_Entries taken from a collection_
═══

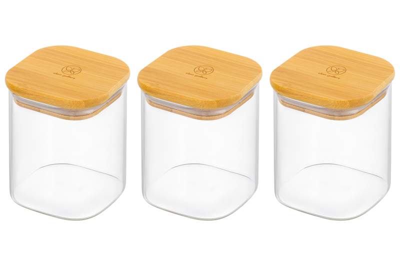 БЫЛО 1014 руб! Набор 3 банок д/хранения 450 мл 8*8*11 см "Crystal glass" + бамбук.крышка с силик. проклад,стекло
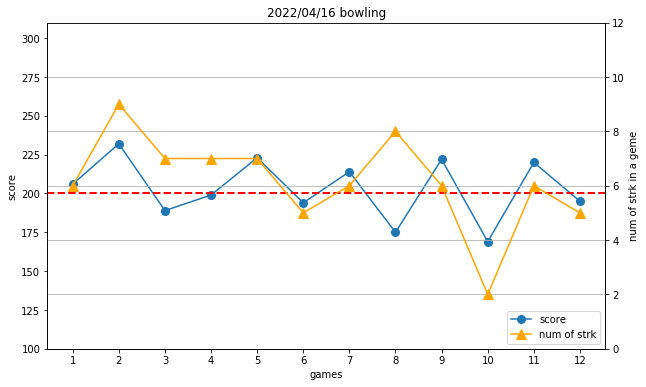 その後の3,4ゲームもストライク数は7個あるが、1ゲーム内にイージーミスを2フレもやってしまって、200を切っている。
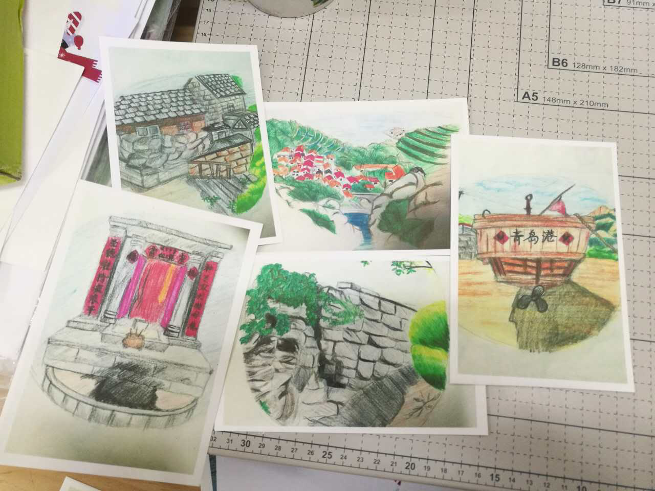 黄山村的文创产品(明信片、渔民包)
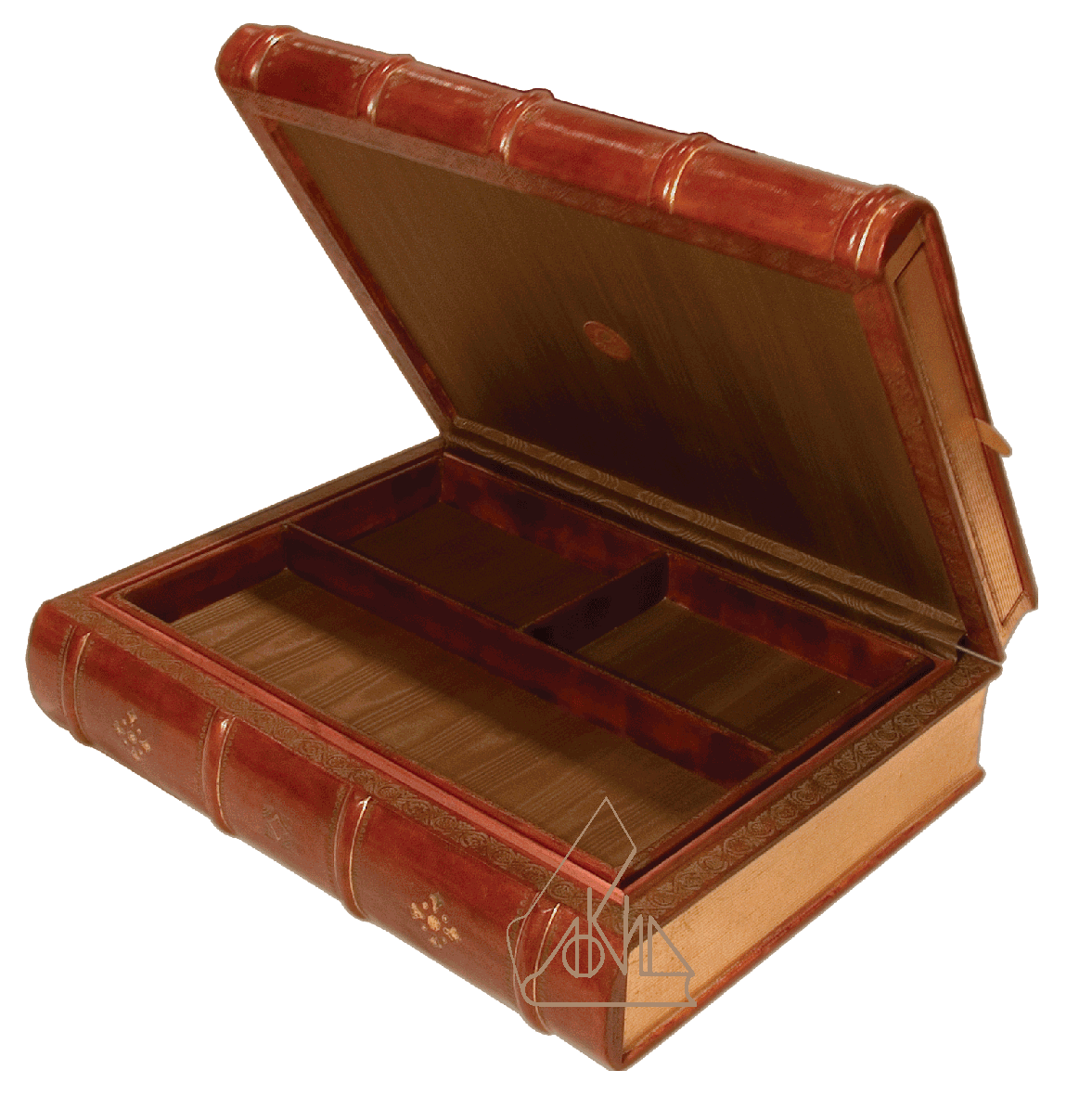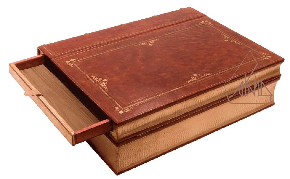 Изделие выполнено вручную флорентийскими мастерами. Стилизовано под старинную книгу, в технике Faux Books Antique. Основа изделия дерево, верх обтянут овечьей кожей, внутри отделка муаром, с металлическими застежками.
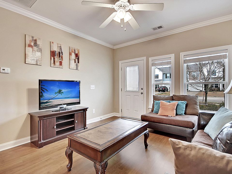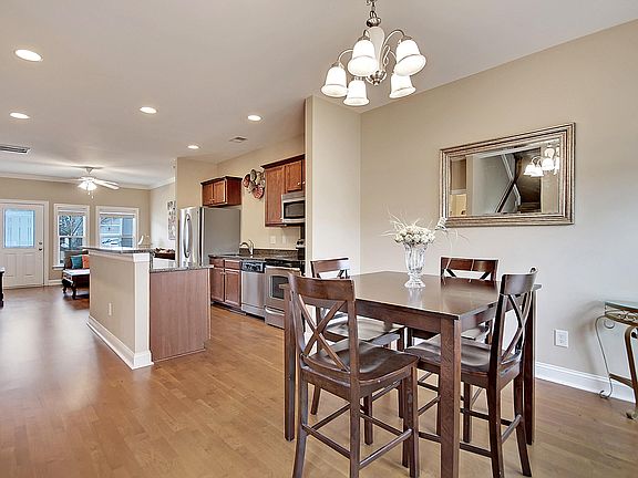 Conveniently located in Goose Creek, maintenance-free living awaits you in this gorgeous, move-in ready townhome! The open floorplan boasts beautiful hardwood floors, crown molding, baseboard molding, a granite kitchen with a breakfast bar & SS appliances, & a spacious eating area that leads to the back patio. The upstairs layout is equally impressive with a dual master, both with walk-in closets & en-suite full baths. Master suite #1 has a tray ceiling & a dual vanity & walk-in shower in the bathroom. Master #2 has a sitting area with three walls of windows that let the natural light pour in. The garage has an epoxy finished flooring, & the long driveway provides room for two more vehicles to park off street. This home shows beautifully & could be the perfect home or investment for you!
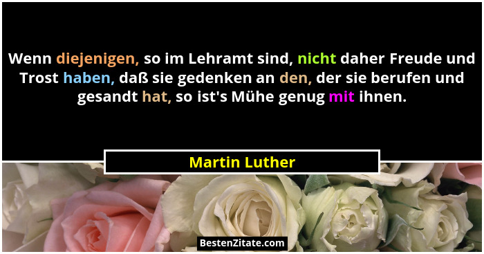 Wenn diejenigen, so im Lehramt sind, nicht daher Freude und Trost haben, daß sie gedenken an den, der sie berufen und gesandt hat, so ist's Mühe genug mit ihnen.
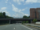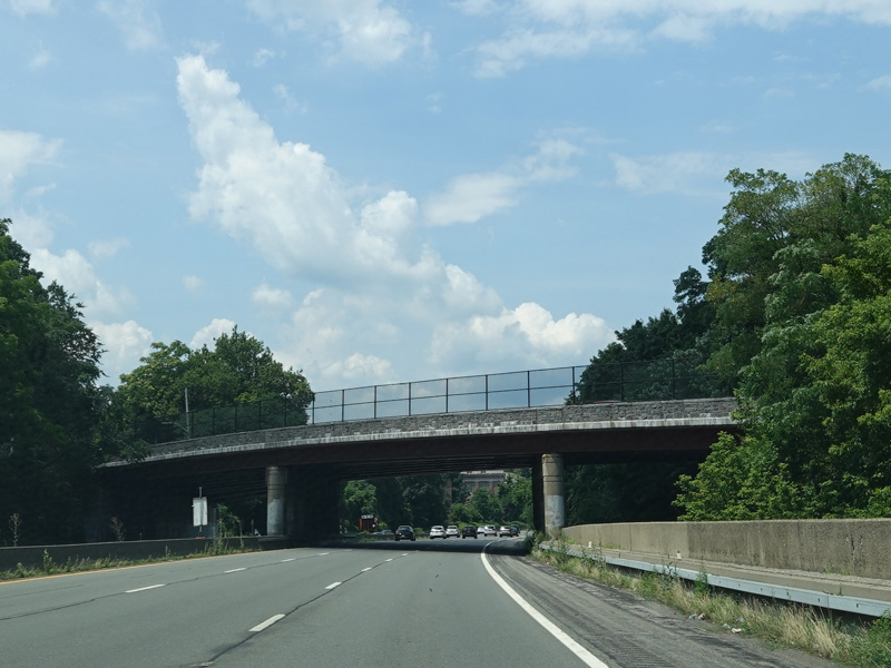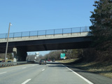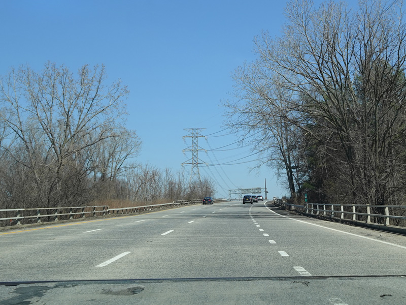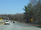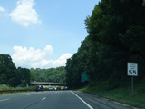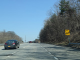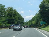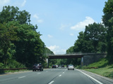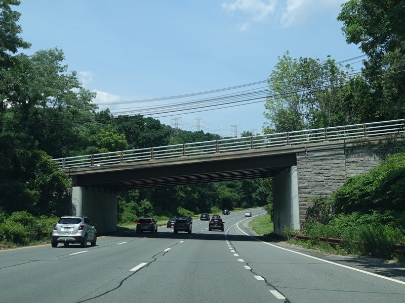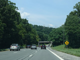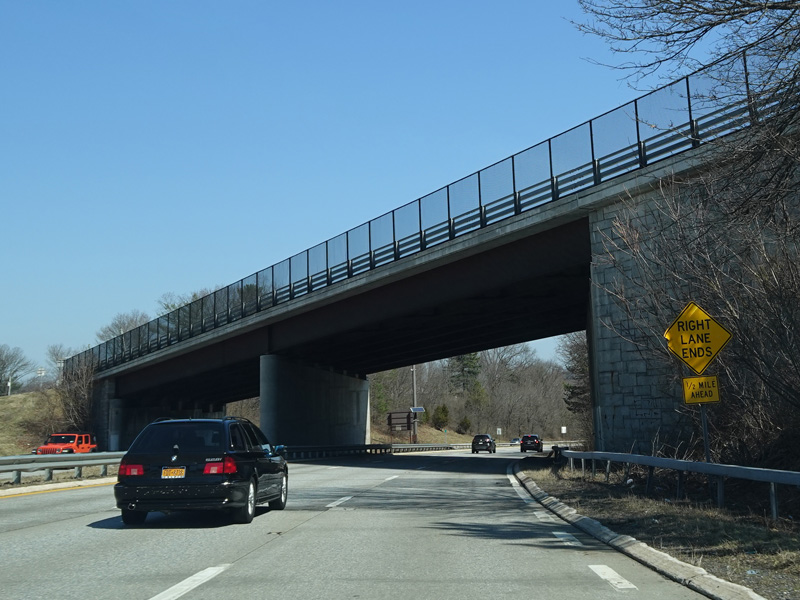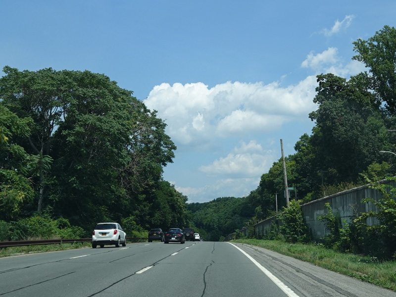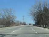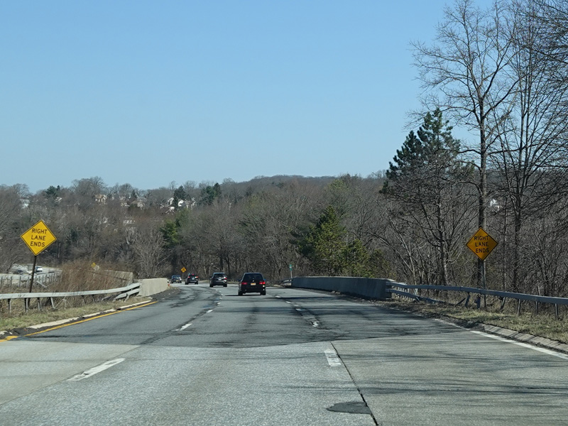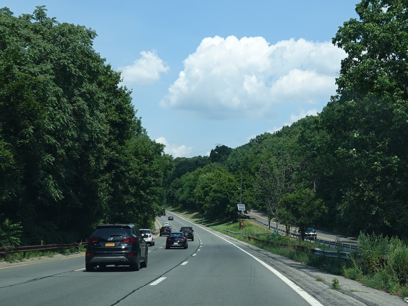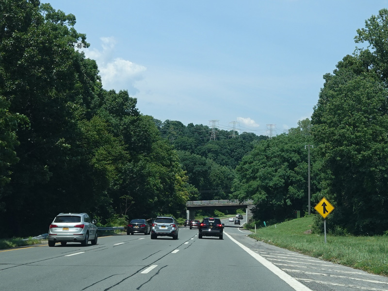 The northbound and southbound lanes split and run on opposite sides of the Grassy Sprain Reservoir.

═══

Give back each entry verbatim but drop its pictures.

 БЫЛО 1014 руб! Набор 3 банок д/хранения 450 мл 8*8*11 см "Crystal glass" + бамбук.крышка с силик. проклад,стекло
 その後の3,4ゲームもストライク数は7個あるが、1ゲーム内にイージーミスを2フレもやってしまって、200を切っている。
 黄山村的文创产品(明信片、渔民包)
 Изделие выполнено вручную флорентийскими мастерами. Стилизовано под старинную книгу, в технике Faux Books Antique. Основа изделия дерево, верх обтянут овечьей кожей, внутри отделка муаром, с металлическими застежками.
 Conveniently located in Goose Creek, maintenance-free living awaits you in this gorgeous, move-in ready townhome! The open floorplan boasts beautiful hardwood floors, crown molding, baseboard molding, a granite kitchen with a breakfast bar & SS appliances, & a spacious eating area that leads to the back patio. The upstairs layout is equally impressive with a dual master, both with walk-in closets & en-suite full baths. Master suite #1 has a tray ceiling & a dual vanity & walk-in shower in the bathroom. Master #2 has a sitting area with three walls of windows that let the natural light pour in. The garage has an epoxy finished flooring, & the long driveway provides room for two more vehicles to park off street. This home shows beautifully & could be the perfect home or investment for you!
 Wenn diejenigen, so im Lehramt sind, nicht daher Freude und Trost haben, daß sie gedenken an den, der sie berufen und gesandt hat, so ist's Mühe genug mit ihnen.
 The northbound and southbound lanes split and run on opposite sides of the Grassy Sprain Reservoir.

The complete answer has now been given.